** Task description **
Find the line with "En renta variable, hemos" in the records below. Output exactly from there until after the line with "Bowl with dried", without pictures.

** Records to use **
....

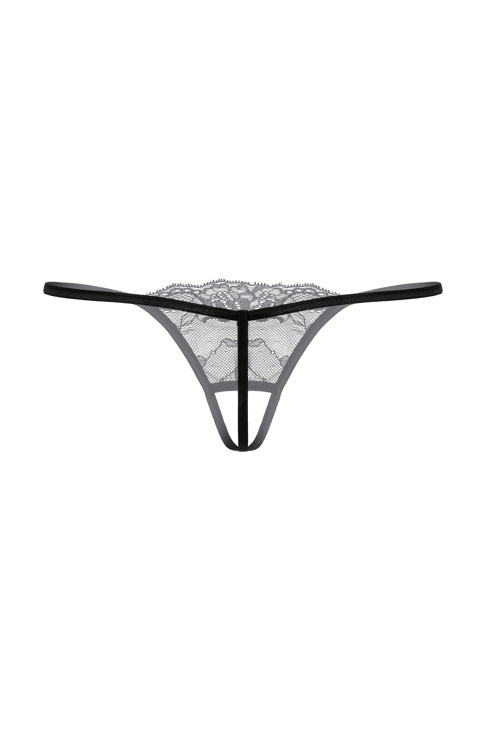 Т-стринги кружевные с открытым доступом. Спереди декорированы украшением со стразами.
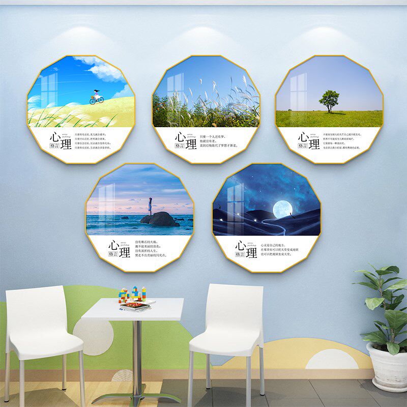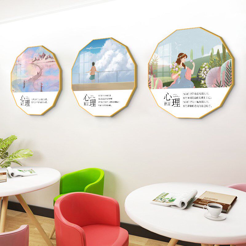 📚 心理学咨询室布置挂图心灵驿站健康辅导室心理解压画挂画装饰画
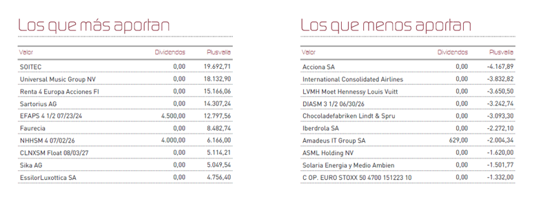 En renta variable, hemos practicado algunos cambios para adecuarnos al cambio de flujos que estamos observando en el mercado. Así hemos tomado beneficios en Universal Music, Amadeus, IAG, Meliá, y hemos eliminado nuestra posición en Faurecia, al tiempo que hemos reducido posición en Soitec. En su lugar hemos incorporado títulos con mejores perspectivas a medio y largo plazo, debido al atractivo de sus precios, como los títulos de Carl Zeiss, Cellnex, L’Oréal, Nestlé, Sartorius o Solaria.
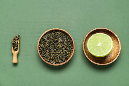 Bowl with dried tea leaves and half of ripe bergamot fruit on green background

....

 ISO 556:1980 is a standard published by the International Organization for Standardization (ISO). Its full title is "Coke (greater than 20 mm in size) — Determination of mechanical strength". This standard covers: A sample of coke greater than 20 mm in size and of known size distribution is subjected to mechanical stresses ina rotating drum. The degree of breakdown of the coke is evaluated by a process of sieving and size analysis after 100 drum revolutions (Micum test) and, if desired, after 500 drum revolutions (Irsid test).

....

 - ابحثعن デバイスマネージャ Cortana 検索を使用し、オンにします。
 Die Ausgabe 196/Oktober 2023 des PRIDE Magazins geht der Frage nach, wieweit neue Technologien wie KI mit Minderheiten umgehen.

....

** Result **
 En renta variable, hemos practicado algunos cambios para adecuarnos al cambio de flujos que estamos observando en el mercado. Así hemos tomado beneficios en Universal Music, Amadeus, IAG, Meliá, y hemos eliminado nuestra posición en Faurecia, al tiempo que hemos reducido posición en Soitec. En su lugar hemos incorporado títulos con mejores perspectivas a medio y largo plazo, debido al atractivo de sus precios, como los títulos de Carl Zeiss, Cellnex, L’Oréal, Nestlé, Sartorius o Solaria.
 Bowl with dried tea leaves and half of ripe bergamot fruit on green background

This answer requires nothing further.